Quesito

Gentile Padre Angelo
le ho già scritto una volta e la sua risposta mi è stata di grande aiuto.
Ora ho ancora bisogno di lei.
Da un pò di tempo grazie a un amico ho riscoperto il gusto della preghiera, una preghiera semplice spontanea, a volte fatta in chiesa rivolta a Maria o a Gesù con la quale non chiedo nulla perchè penso che Lei sa già tutto di me conosce le mie pene le mie paure, attraverso la quale invoco solo la sua protezione affinché io possa essere serena per poter offrire la mia serenità agli altri.
Sono uscita da una brutto periodo di depressione, ma la cosa che mi ha molto provato è constatare che Maria non ha ascoltato mai le mie richieste più specifiche.
Malgrado ciò continuo a pregare, ultimamente senza formulare richieste esplicite proprio per il timore di esserne delusa, e infatti proprio ieri a poche ore dalla mia preghiera ho avuto una bruttissima notizia relativamente al problema che più mi angosciava.
Mi sono chiesta perchè Maria non mi ascolta? ha forse bisogno di essere implorata? Forse prego in modo sbagliato, forse non gradisce che io mi senta per lungo tempo serena e ha bisogno di sottopormi sempre a nuove prove? Esiste un modo di pregare affinché Lei possa esaudire le nostre (oneste logicamente) richieste?
La mia vita è sempre costellata di ostacoli e ogni volta che credo di aver raggiunto la quiete vengo di nuovo colpita da un fulmine.
Scusi la prolissità spero di non averla annoiata.
Rosa


Risposta del sacerdote

Carissima Rosa,
i motivi per cui non veniamo esauditi possono essere svariati.
Talvolta la nostra preghiera non è perseverante e non è accompagnata dall’esercizio delle virtù.
Sappiamo che la preghiera non serve a istruire Dio, ma a costruire noi. E allora se non veniamo esauditi dobbiamo domandarci: forse c’è qualcosa che non va nella nostra vita e che deve essere cambiato.
Qualche altra volta non veniamo esauditi perché a noi sembra di chiedere cose buone, ma in realtà quello che chiediamo non è utile per la nostra salvezza. È stato questo il caso di san Paolo che così scrive: “Perché non montassi in superbia per la grandezza delle rivelazioni, mi è stata messa una spina nella carne, un inviato di satana incaricato di schiaffeggiarmi, perché io non vada in superbia. A causa di questo per ben tre volte ho pregato il Signore che l’allontanasse da me.
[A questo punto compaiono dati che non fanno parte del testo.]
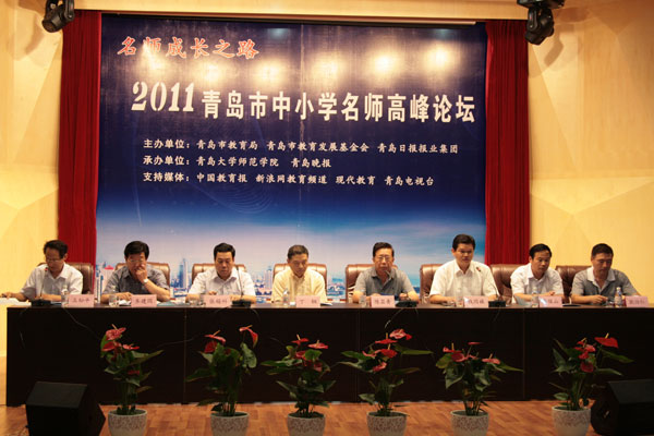 9月5日上午9时,2011年青岛市中小学名师高峰论坛精彩开幕,本届论坛由青岛市教育局、青岛市教育发展基金会、青岛日报报业集团主办,吃瓜 师范学院、青岛晚报承办。在开幕式上,青岛市教育局副局长张锡科,吃瓜 校长助理、师范学院院长钱国旗,青岛日报报业集团副总编辑、青岛晚报总编辑齐建国分别致辞,青岛市教育学会会长陈显青、华东师范大学教科院院长丁钢以及市教育局人事处、教育发展基金会的负责人出席。齐鲁名师、青岛市中小学名师培养工程人选、吃瓜 师范学院专家、相关学校负责人、家长及学生代表共300余人参加了会议。

Ed egli mi ha detto: «Ti basta la mia grazia; la mia potenza infatti si manifesta pienamente nella debolezza»” (2 Cor 12,7-9).
Qualche altra volta la nostra preghiera è indirizzata al bene del nostro prossimo, ma il nostro prossimo non si dispone a ricevere le grazie che Dio gli vuole dare.
In ogni caso non dobbiamo dimenticare che il Signore nella preghiera del Padre nostro ci ha insegnato a dire così: “Sia fatta la tua volontà come in cielo così in terra”. Il Signore sa meglio di noi qual è il nostro bene. E in definitiva dobbiamo chinarci davanti a Lui e adorare la sua volontà, la quale è sempre più lungimirante e migliore della nostra.

Ti seguo con la preghiera e ti benedico.